In 1891, on the four-hundredth anniversary of Christopher Columbus's discovery of America, the American flag was introduced to the public school. The following year, the Pledge of Allegiance was created for the yearly celebration: "I pledge allegiance to the flag and to the Republic for which it stands - one nation indivisible - with liberty and justice for all."

The right-hand salute that accompanied the recitation of the pledge was discontinued during World War II. The phrase, "Under God" was added by Congress and President Dwight Eisenhower in 1954.


Schlessinger Attacks ALA

by Timothy Binga

Dr. Laura Schlessinger, the radio personality, has attacked the American Library Association because of the ALA's stance on Internet filtering. She began her crusade by attacking a health information Web site maintained by Columbia University called "Go Ask Alice," which the ALA recommended on their Teen Hoopla Web page. According to Schlessinger, the ALA wants children to be able to access pornography. Internet filtering advocates joined her, and her Web site has become an Internet filtering lobby site.

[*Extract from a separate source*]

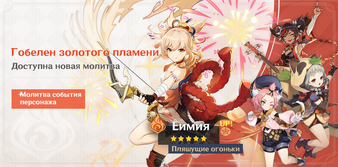 Студия miHoYo поделилась информацией о том, что ждет игроков Action/RPG Genshin Impact во второй половине обновления 2.0. Впереди еще много увлекательных событий, а также баннеры, которые представят новых персонажей Еимию и Саю, а также предоставят возможность получить эксклюзивное оружие. Баннер персонажей “Гобелен золотого пламени” С 10 по 31 августа будет активна молитва, которая существенно увеличит шансы получения пятизвездочного персонажа Еимия (Пиро), а также четырехзвездочных Саю (Анемо), Диона (Крио) и Синь Янь (Пиро). Также в этот период игроки смогут испытать этих персонажей в тестовом забеге и получить различные награды. Баннер оружия “Воплощение божества” Вторую оружейную молитву запустят с 10 по 31 августа. Во время нее будут увеличены шансы получения эксклюзивного пятизвездочного оружия Громовой пульс (Стрелковое) и Небесный меч (Одноручное). Кроме того, в состав баннера также войдет четырехзвездочное оружие Церемониальный меч (Одноручное), Дождерез (Двуручное), Гроза др

The ALA wants to protect children from these types of sites, but filtering software has not been successful. There are many examples of sites that are blocked with the filtering software that children should be able to see, including toy sites, and some that should be blocked but get through anyway. Consequently, the ALA wants parents themselves to monitor their children's access. It is surprising that Schlessinger, an advocate for having parents actually parent their own children, is trying to force someone else to watch them. It is also interesting to note that, because of the some of the materials posted on Schlessinger's site as examples from the "Go Ask Alice" site, filtering software should block her site too.

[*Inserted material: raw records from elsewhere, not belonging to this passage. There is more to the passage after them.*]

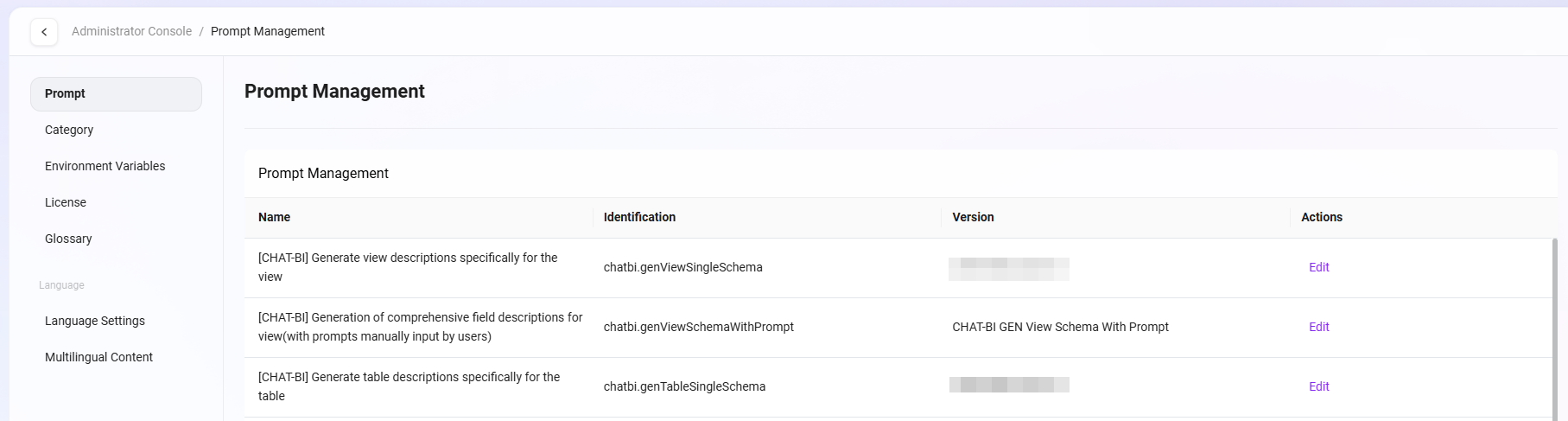 chatbi.genViewSchemaWithPrompt。 - 当前生效版本:该功能点当前正在使用的提示词版本。
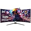 Gawfolk Monitor de computadora para juegos de 34 pulgadas ultra ancho curvado 144Hz 1500R, pantalla de PC 21:9 UWQHD (3440 x 1440), sincronización adaptativa, ángulo de visión de 178°, puerto de
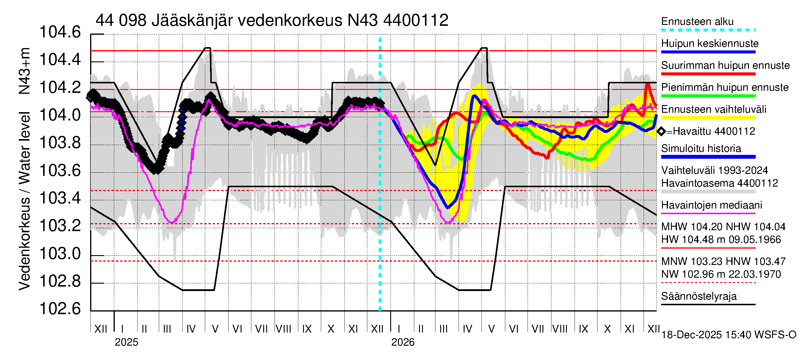 Lapuanjoen vesistöalue - Jääskänjärvi: Vedenkorkeus - huippujen keski- ja ääriennusteet

Anti-Abortion Protests Sputter in Buffalo

by Tom Flynn

Abortion opponents from around the nation gathered in Buffalo, New York, during April. But the promised reprise of 1992's "Spring of Life" turned out smaller than anticipated.

"Operation Save America" (OSA) was organized by the Reverend Flip Benham of Operation Rescue - National and the Reverend Robert L. Behn of Buffalo's Last Call Ministries. Announced just after the October assassination of Buffalo-area abortion provider Dr. Barnett Slepian, OSA was controversial even among abortion opponents. The Reverend Rob Schenk and other Spring of Life leaders announced they would not participate.

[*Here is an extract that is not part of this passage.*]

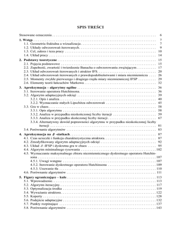 SPIS TREŚCI Stosowane oznaczenia . . . . . . . . . . . . . . . . . . . . . . . . . . . . . . . . . . . . . . . . . . . . . . . . . . . . . . . . . . 6 1. Wstęp. . . . . . . . . . . . . . . . . . . . . . . . . . . . . . . . . . . . . . . . . . . . . . . . . . . . . . . . . . . . . . . . . . . . . 7 1.1. Geometria fraktalna a wizualizacja . . . . . . . . . . . . . . . . . . . . . . . . . . . . . . . . . . . . . . . . . . 7 1.2. Układy odwzorowań iterowanych. . . . . . . . . . . . . . . . . . . . . . . . . . . . . . . . . . . . . . . . . . . 9 1.3. Cel, zakres i teza pracy . . . . . . . . . . . . . . . . . . . . . . . . . . . . . . . . . . . . . . . . . . . . . . . . . . . 10 1.4. Układ pracy . . . . . . . . . . . . . . . . . . . . . . . . . . . . . . . . . . . . . . . . . . . . . . . . . . . . . . . . . . . . 14 2. Podstawy teoretyczne . . . . . . . . . . . . . . . . . . . . . . . . . . . . . . . . . . . . . . . . . . . . . . . . . . . . . . . 2.1. Pojęcia podstawowe . . . . . . . . . . . . . . . . . . . . . . . . . . . . . . . . . . . . . . . . . . . . . . . . . . . . . 2.2. Zupełność, zwartość i twierdzenie Banacha o odwzorowaniu zwężającym . . . . . . . . . . . 2.3. Układ odwzorowań iterowanych i atraktor IFS. . . . . . . . . . . . . . . . . . . . . . . . . . . . . . . . . 2.4. Układ odwzorowań iterowanych z prawdopodobieństwami i miara niezmiennicza . . . . 2.5. Momenty zwykłe pierwszego i drugiego rzędu miary niezmienniczej IFSP . . . . . . . . . . 2.6. Elementy teorii łańcuchów Markowa . . . . . . . . . . . . . . . . . . . . . . . . . . . . . . . . . . . . . . . . 15 15 17 20 26 29 32 3. Aproksymacja – algorytmy ogólne . . . . . . . . . . . . . . . . . . . . . . . . . . . . . . . . . . . . . . . . . . . . 3.1. Iterowanie operatora Hutchinsona. . . . . . . . . . . . . . . . . . . . . . . . . . . . . . . . . . . . . . . . . . . 3.2. Algorytm adaptacyjnych odcięć . . . . . . . . . . . . . . . . . . . . . . . . . . . . . . . . . . . . . . . . . . . . 3.2.1. Opis i analiza . . . . . . . . . . . . . . . . . . . . . . . . . . . . . . . . . . . . . . . . . . . . . . . . . . . . . . 3.2.2. Wyznaczanie stałych Lipschitza odwzorowań . . . . . . . . . . . . . . . . . . . . . . . . . . . . 3.3. Gra w chaos . . . . . . . . . . . . . . . . . . . . . . . . . . . . . . . . . . . . . . . . . . . . . . . . . . . . . . . . . . . . 3.3.1. Opis algorytmu . . . . . . . . . . . . . . . . . . . . . . . . . . . . . . . . . . . . . . . . . . . . . . . . . . . . 3.3.2. Analiza w przypadku nieskończonej liczby iteracji . . . . . . . . . . . . . . . . . . . . . . . . 3.3.3. Analiza w przypadku skończonej liczby iteracji . . . . . . . . . . . . . . . . . . . . . . . . . . . 3.3.4. Alternatywny dowód poprawności algorytmu w przypadku nieskończonej liczby iteracji . . . . . . . . . . . . . . . . . . . . . . . . . . . . . . . . . . . . . . . . . . . . . . . . . . . . . . . . . . . 3.4. Porównanie algorytmów . . . . . . . . . . . . . . . . . . . . . . . . . . . . . . . . . . . . . . . . . . . . . . . . . . 36 36 39 40 45 58 58 59 67 81 83 4. Aproksymacja na -siatkach . . . . . . . . . . . . . . . . . . . . . . . . . . . . . . . . . . . . . . . . . . . . . . . . 87 4.1. Czas ucieczki i funkcja charakterystyczna atraktora. . . . . . . . . . . . . . . . . . . . . . . . . . . . . 87 4.2. Zmodyfikowany algorytm adaptacyjnych odcięć . . . . . . . . . . . . . . . . . . . . . . . . . . . . . . . 92 4.3. Układ -IFSP i dyskretna gra w chaos . . . . . . . . . . . . . . . . . . . . . . . . . . . . . . . . . . . . . . 95 4.4. Algorytm minimalnego rysowania . . . . . . . . . . . . . . . . . . . . . . . . . . . . . . . . . . . . . . . . . . 102 4.5. Wyznaczanie maksymalnego zbioru niezmiennicznego dyskretnego operatora Hutchinsona . . . . . . . . . . . . . . . . . . . . . . . . . . . . . . . . . . . . . . . . . . . . . . . . . . . . . . . . . . . . . . . . . . 107 4.5.1. Uwagi wstępne . . . . . . . . . . . . . . . . . . . . . . . . . . . . . . . . . . . . . . . . . . . . . . . . . . . . 107 4.5.2. Iterowanie dyskretnego operatora Hutchinsona . . . . . . . . . . . . . . . . . . . . . . . . . . . 109 4.5.3. Usuwanie tła . . . . . . . . . . . . . . . . . . . . . . . . . . . . . . . . . . . . . . . . . . . . . . . . . . . . . . 110 4.6. Porównanie algorytmów . . . . . . . . . . . . . . . . . . . . . . . . . . . . . . . . . . . . . . . . . . . . . . . . . . 111 5. Figury ograniczające – kule . . . . . . . . . . . . . . . . . . . . . . . . . . . . . . . . . . . . . . . . . . . . . . . . . . 113 5.1. Wprowadzenie. . . . . . . . . . . . . . . . . . . . . . . . . . . . . . . . . . . . . . . . . . . . . . . . . . . . . . . . . . 113 5.2. Algorytm iteracyjny. . . . . . . . . . . . . . . . . . . . . . . . . . . . . . . . . . . . . . . . . . . . . . . . . . . . . . 117 5.3. Optymalizacja środka . . . . . . . . . . . . . . . . . . . . . . . . . . . . . . . . . . . . . . . . . . . . . . . . . . . . 119 5.4. Wyważanie atraktora . . . . . . . . . . . . . . . . . . . . . . . . . . . . . . . . . . . . . . . . . . . . . . . . . . . . . 122 5.5. Koperty . . . . . . . . . . . . . . . . . . . . . . . . . . . . . . . . . . . . . . . . . . . . . . . . . . . . . . . . . . . . . . . 128 5.6. Podejście adaptacyjne . . . . . . . . . . . . . . . . . . . . . . . . . . . . . . . . . . . . . . . . . . . . . . . . . . . . 132 5.7. Punkty rozpinające . . . . . . . . . . . . . . . . . . . . . . . . . . . . . . . . . . . . . . . . . . . . . . . . . . . . . . 137 5.8. Porównanie algorytmów . . . . . . . . . . . . . . . . . . . . . . . . . . . . . . . . . . . . . . . . . . . . . . . . . . 143 280 Spis treści 6. Figury ograniczające – wielokąty i wielościany wypukłe . . . . . . . . . . . . . . . . . . . . . . . . . . 145 6.1. Wprowadzenie. . . . . . . . . . . . . . . . . . . . . . . . . . . . . . . . . . . . . . . . . . . . . . . . . . . . . . . . . . 145 6.2. Prostopadłościany . . . . . . . . . . . . . . . .

OSA's agenda was broader than abortion alone, including protests of bookstores said to sell pornography, gay and lesbian sites, public schools, and even Free Inquiry Editor-in-Chief Paul Kurtz. Officials treated the event very cautiously out of concern that pro-life extremists might attempt further violence. (At the time, no suspect had been named in the slaying of Dr. Slepian.) Federal judge Richard Arcara ordered a 60-foot buffer zone around area clinics, which essentially forced protests across the street from clinic doors. Federal authorities took extraordinary precautions, including x-raying all of Free Inquiry's incoming mail over a two-week period. Finally, pro-choice activists trained hundreds of clinic defenders.

Actual demonstrations between April 18 and 25 proved far smaller than predicted. Fewer than 200 anti-abortion protestors participated, standing outside abortion clinics, public schools, and a Barnes & Noble bookstore displaying grisly retouched images of dismembered fetuses. Often they were outnumbered by law-enforcement personnel. Planned protests against Paul Kurtz and at gay/lesbian sites never materialized. Often, pro-choice counter-protestors found themselves with little to do.

Pro-choice and pro-life leaders agree that the era of mass blockades of abortion clinics may have passed. And Operation Rescue - National has claimed success in Buffalo, so much so that it announced it will change its name to Operation Save America.